Each line from the top of the listing down to and including the line with "Корм сухой Оскар, мясное" must be duplicated exactly; pictures are to be skipped.
§ §
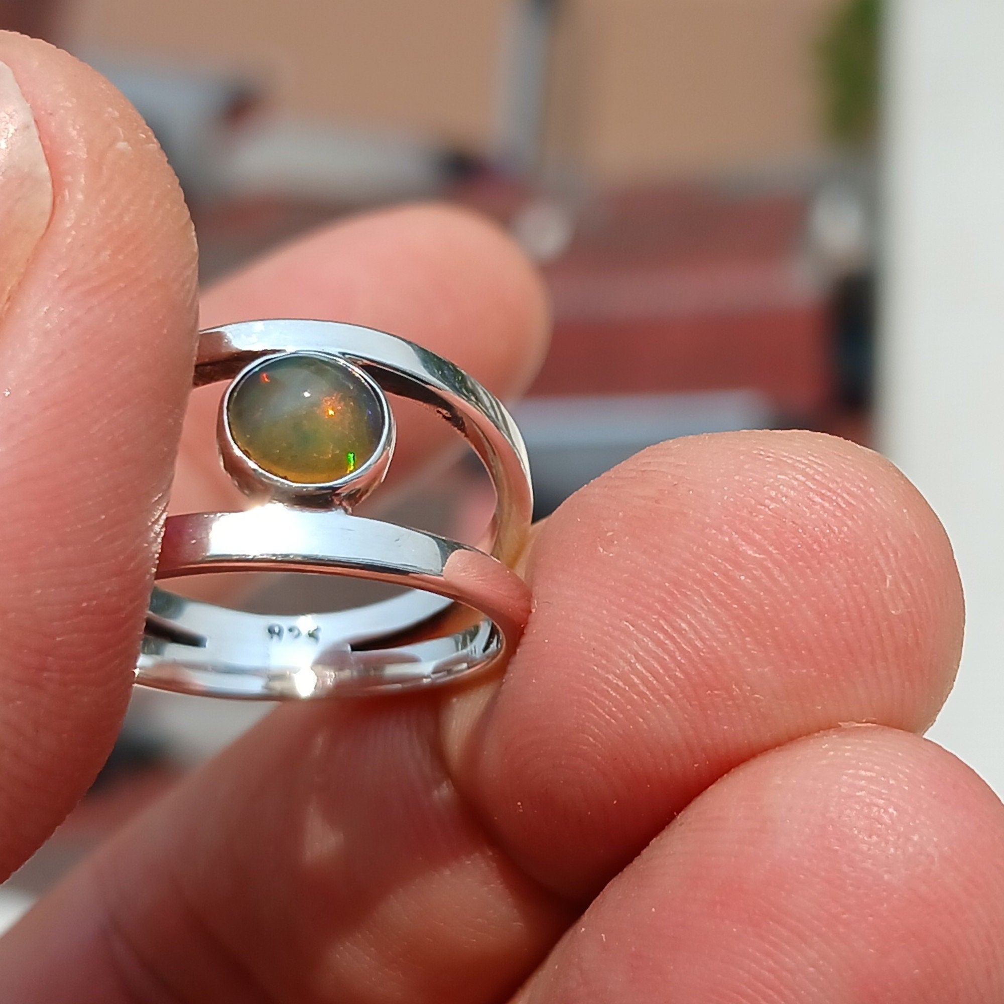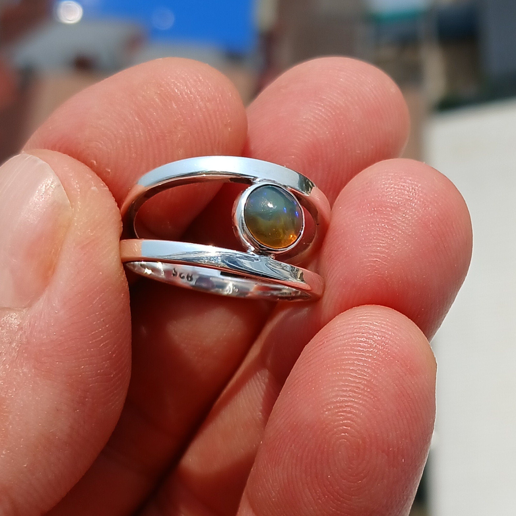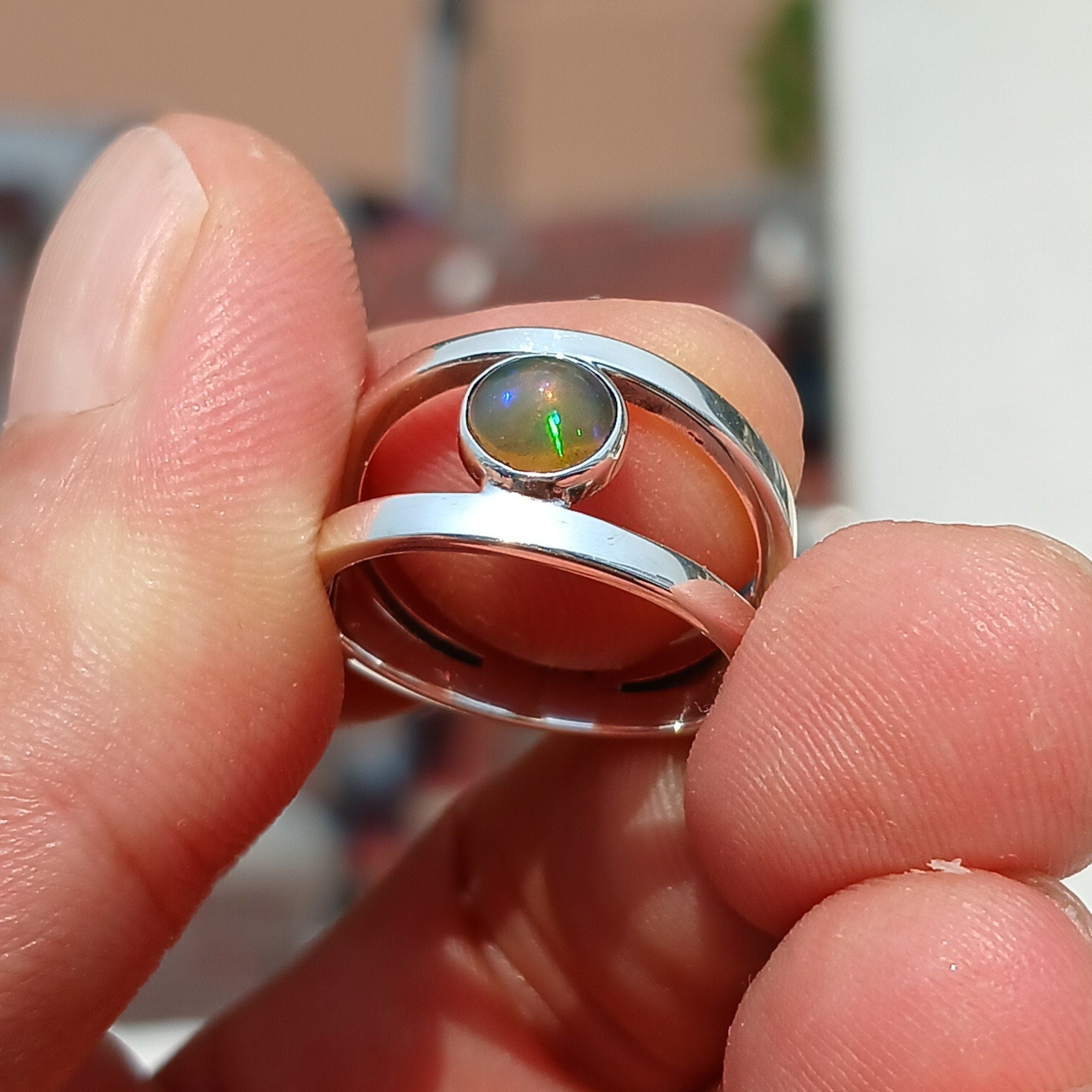 Dropship Opal Ring, Opal Silver Ring, Sterling Silver Solitaire Ring, Natural
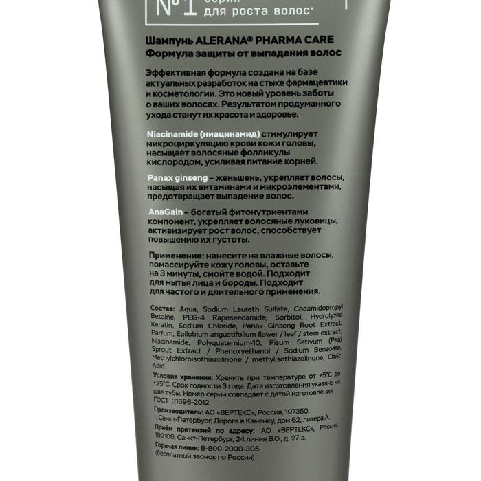 Шампунь для волос мужской Alerana Pharma Care, формула защиты от выпадения волос, 260 мл
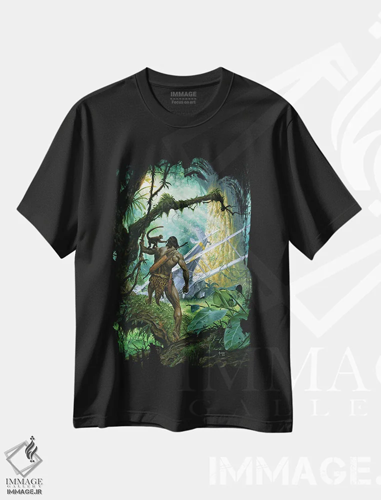 تیشرت مشکی طرح دار جستجوی تارزان، وینتیج و رترو اثر جو جوسکو | immage.ir
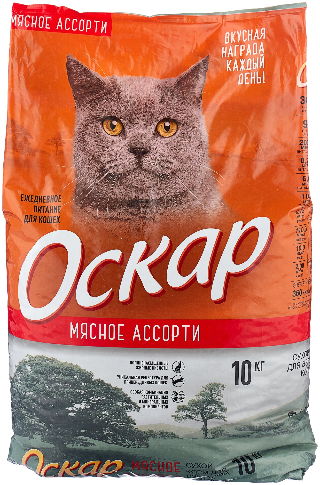 Корм сухой Оскар, мясное ассорти, для взрослых кошек, 10 кг
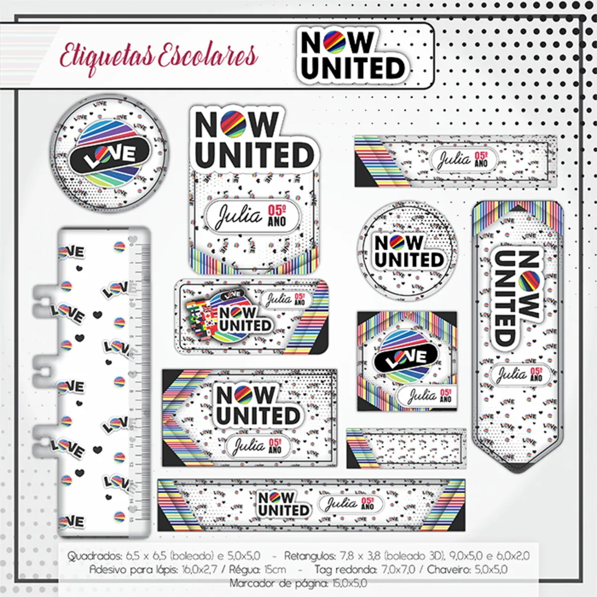 Arquivo Etiqueta Escolar Now United. Ideal para o início do ano letivo, aniversários, eventos escolares ou para facilitar a identificação de materiais de uso coletivo,
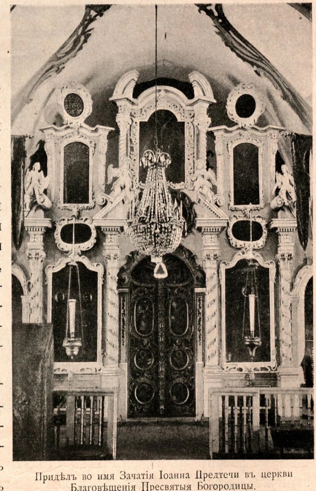 На представленной фотографии запечатлен интерьер придела во имя Зачатия святого Иоанна Предтечи, располагавшегося в Благовещенской церкви на Васильевском острове в Санкт-Петербурге. Снимок был сделан в период 1900-х годов и представляет значительную историко-культурную ценность.
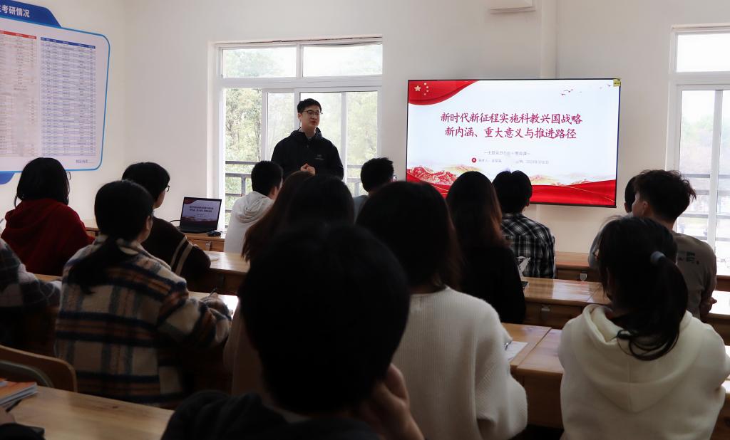 党的二十大报告指出:教育、科技、人才是全面建设社会主义现代化国家的基础性、战略性支撑。必须坚持科技是第一生产力、人才是第一资源、创新是第一动力,深入实施科教兴国战略、人才强国战略、创新驱动发展战略,开辟发展新领域新赛道,不断塑造发展新动能新优势。在活动的第一阶段,学生第一、第二、第三支部书记裴昊铭、龚越、林涵紧扣“科教兴国战略”这一主题,分别从新时代新征程赋予科教兴国战略新内涵、新时代新征程深入实施科教兴国战略的重大意义、新时代新征程深入实施科教兴国战略的推进路径等三个部分为同学们上了题为《新时代新征程实施科教兴国战略新内涵、重大意义与推进路径》的新学期第一堂党课。
§ §
■ Response area
 Dropship Opal Ring, Opal Silver Ring, Sterling Silver Solitaire Ring, Natural
 Шампунь для волос мужской Alerana Pharma Care, формула защиты от выпадения волос, 260 мл
 تیشرت مشکی طرح دار جستجوی تارزان، وینتیج و رترو اثر جو جوسکو | immage.ir
 Корм сухой Оскар, мясное ассорти, для взрослых кошек, 10 кг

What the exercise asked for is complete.